**RECORDS FOR THE EXERCISE:**
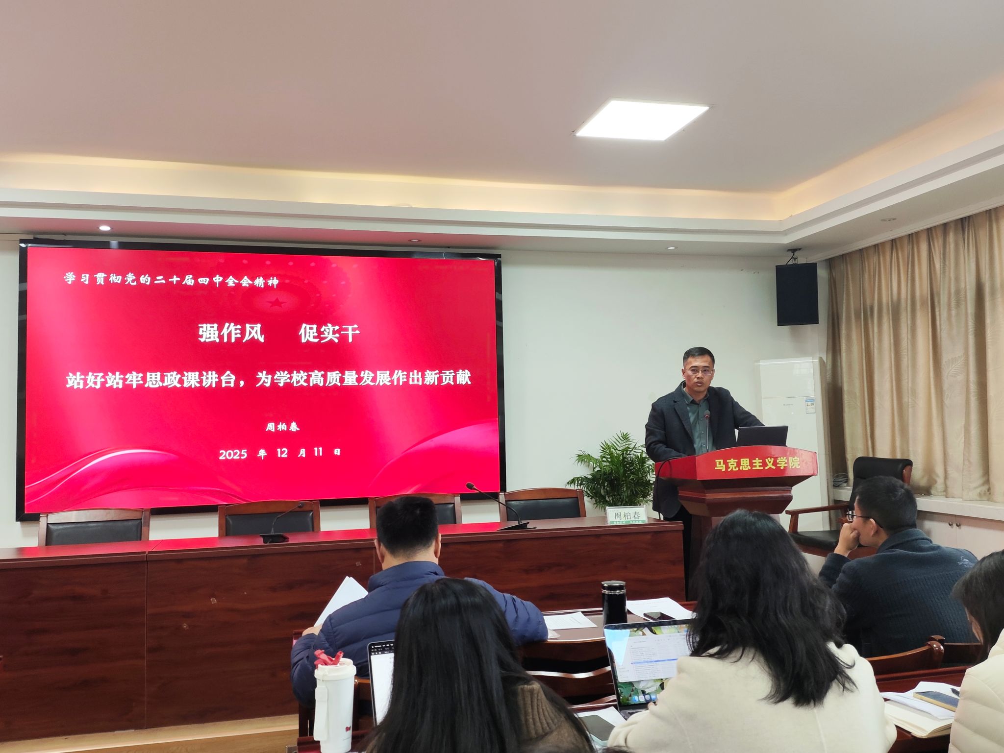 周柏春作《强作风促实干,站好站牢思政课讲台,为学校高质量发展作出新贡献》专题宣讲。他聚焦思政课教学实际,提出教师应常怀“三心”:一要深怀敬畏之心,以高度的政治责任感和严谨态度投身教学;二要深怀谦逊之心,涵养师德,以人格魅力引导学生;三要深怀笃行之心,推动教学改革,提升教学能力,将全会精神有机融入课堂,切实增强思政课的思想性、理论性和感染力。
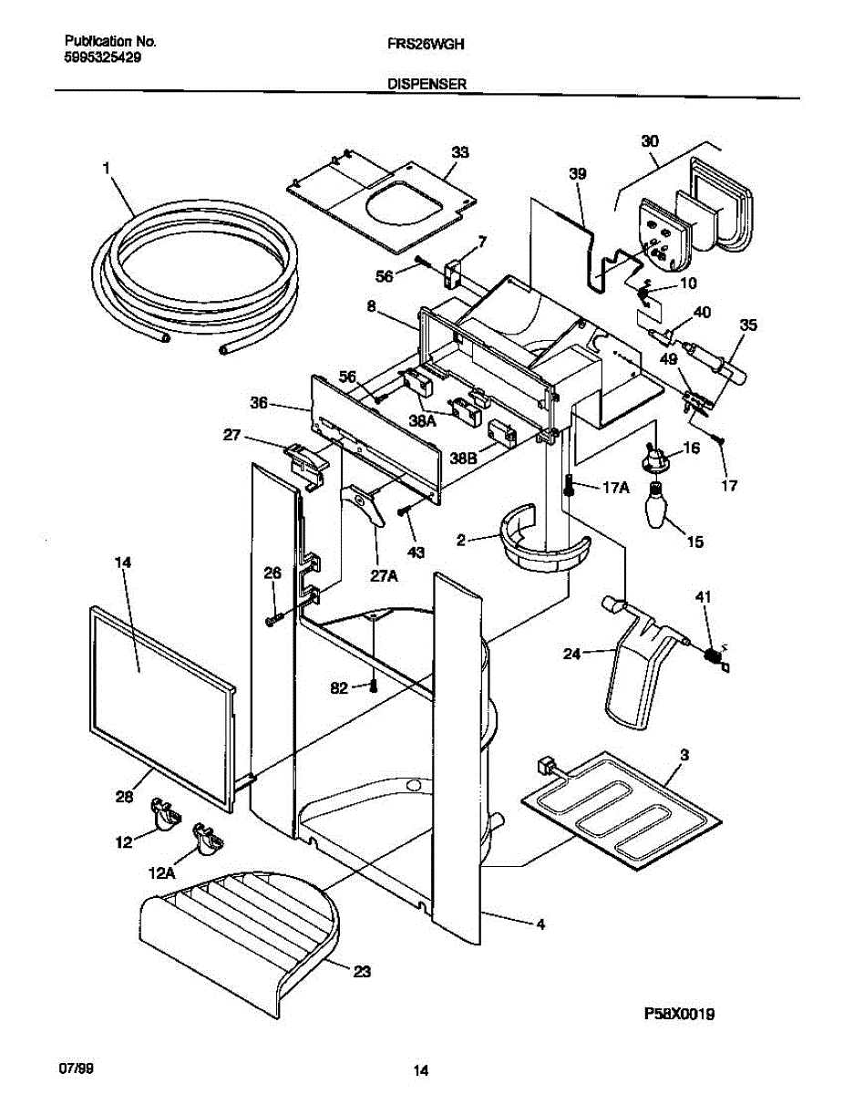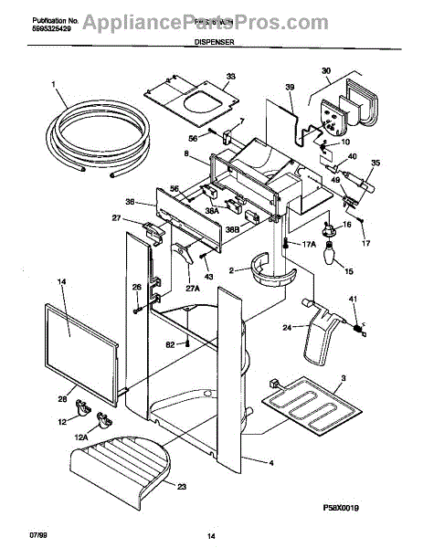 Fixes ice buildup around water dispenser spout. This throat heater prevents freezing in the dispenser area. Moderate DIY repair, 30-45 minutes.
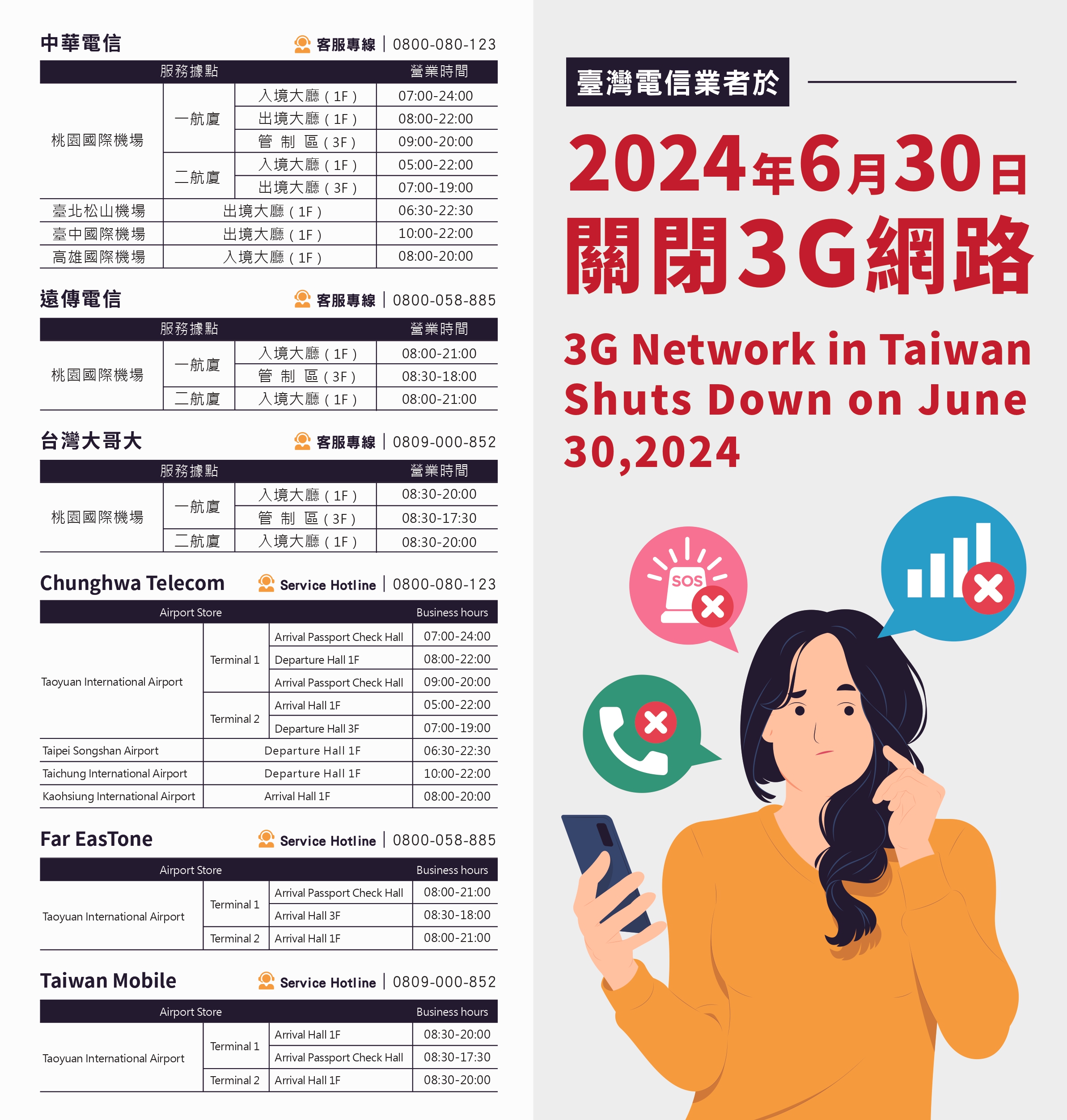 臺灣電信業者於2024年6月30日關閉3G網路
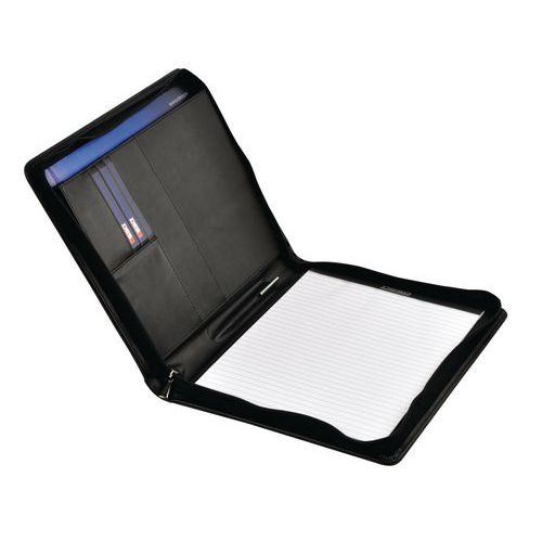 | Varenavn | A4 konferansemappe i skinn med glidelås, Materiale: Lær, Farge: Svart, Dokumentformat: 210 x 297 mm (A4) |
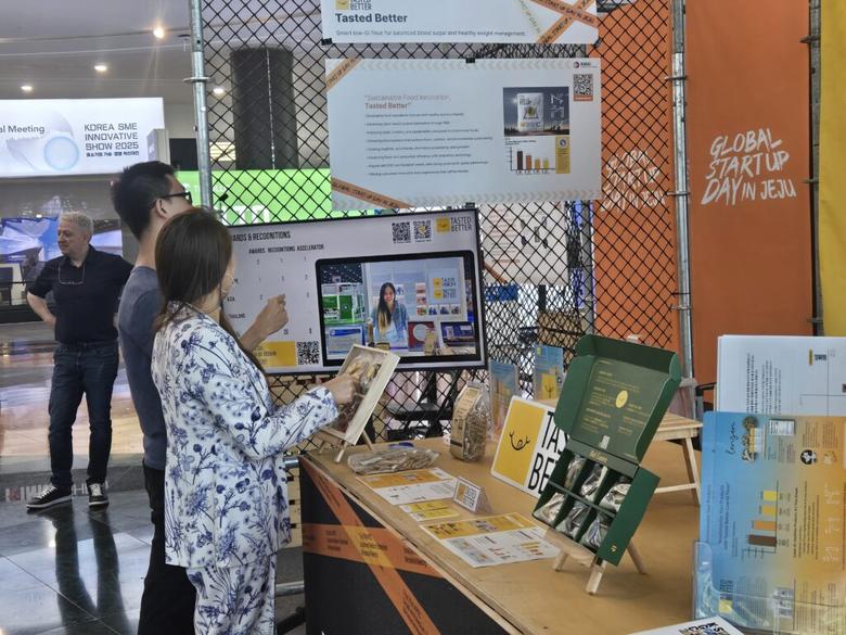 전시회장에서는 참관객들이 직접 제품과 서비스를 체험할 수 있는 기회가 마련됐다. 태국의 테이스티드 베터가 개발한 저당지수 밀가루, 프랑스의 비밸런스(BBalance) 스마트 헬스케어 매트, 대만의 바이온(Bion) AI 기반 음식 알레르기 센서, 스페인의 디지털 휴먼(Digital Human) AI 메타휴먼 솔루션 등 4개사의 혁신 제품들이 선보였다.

--

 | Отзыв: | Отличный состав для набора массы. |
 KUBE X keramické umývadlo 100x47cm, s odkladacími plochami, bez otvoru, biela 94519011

**ACTION ITEM:** Scan the listing above for the line that has "набора массы. |", then copy exactly from that line through the line that has "KUBE X keramické".

**SOLUTION FOR THIS PROBLEM:**
 | Отзыв: | Отличный состав для набора массы. |
 KUBE X keramické umývadlo 100x47cm, s odkladacími plochami, bez otvoru, biela 94519011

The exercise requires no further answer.